Make an exact transcript of the lines in the data below, starting with the one containing "Dockers Men’s Classic" and going on through the one containing "Klä av Sjöjungfru", with both included and the pictures left out.

# [Provided information]
╭──

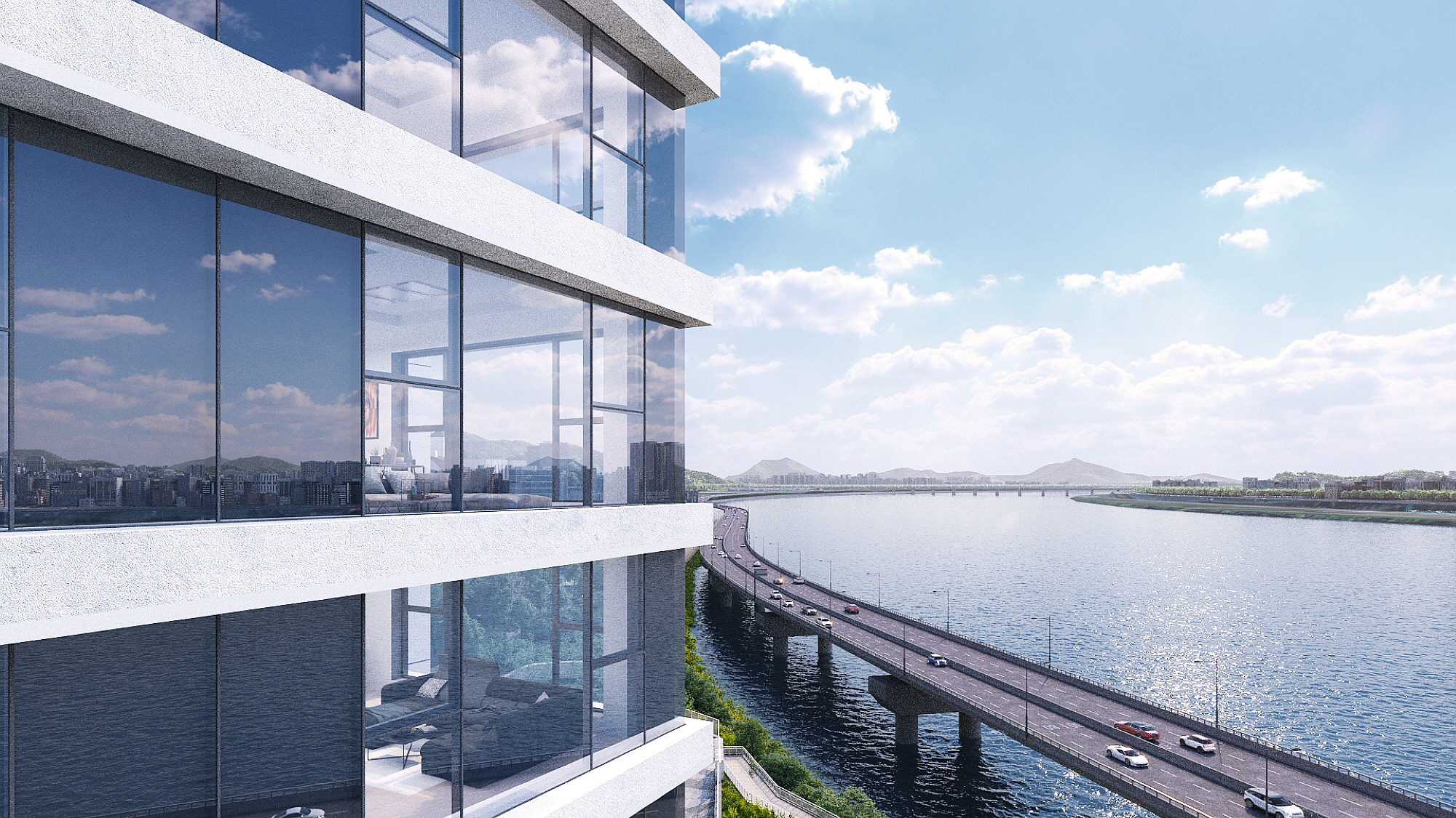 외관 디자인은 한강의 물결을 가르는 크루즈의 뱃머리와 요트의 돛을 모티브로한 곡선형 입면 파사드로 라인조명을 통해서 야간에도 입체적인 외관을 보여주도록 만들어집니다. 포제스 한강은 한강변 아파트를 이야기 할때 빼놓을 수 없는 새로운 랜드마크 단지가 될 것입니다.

╰──
╭──

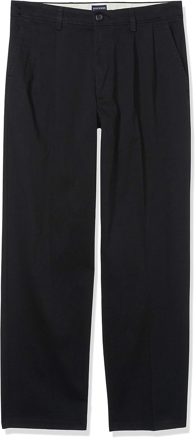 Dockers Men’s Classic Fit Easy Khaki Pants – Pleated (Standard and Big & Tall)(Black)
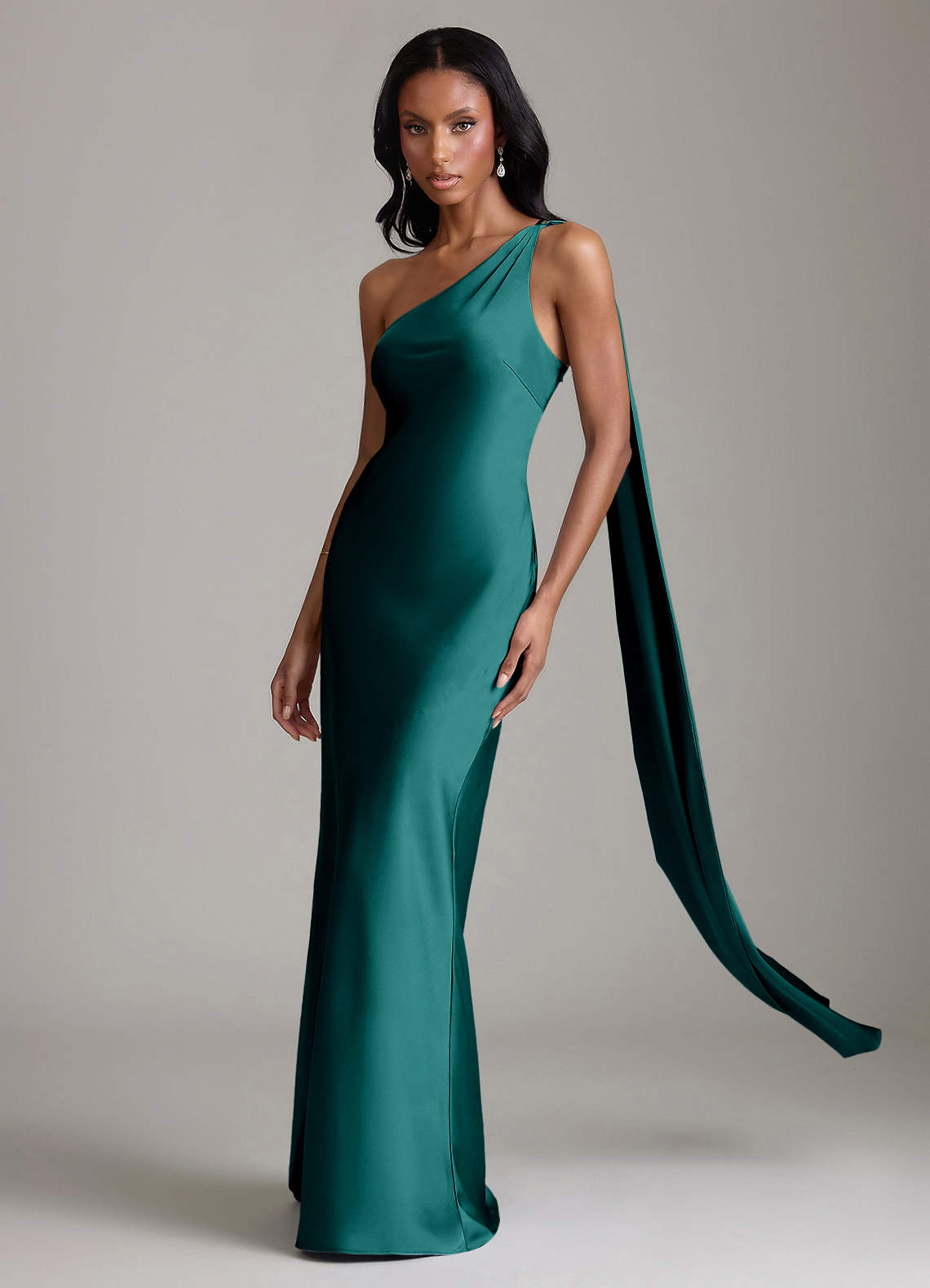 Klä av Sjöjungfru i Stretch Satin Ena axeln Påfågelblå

╰──

# [Answer box]
 Dockers Men’s Classic Fit Easy Khaki Pants – Pleated (Standard and Big & Tall)(Black)
 Klä av Sjöjungfru i Stretch Satin Ena axeln Påfågelblå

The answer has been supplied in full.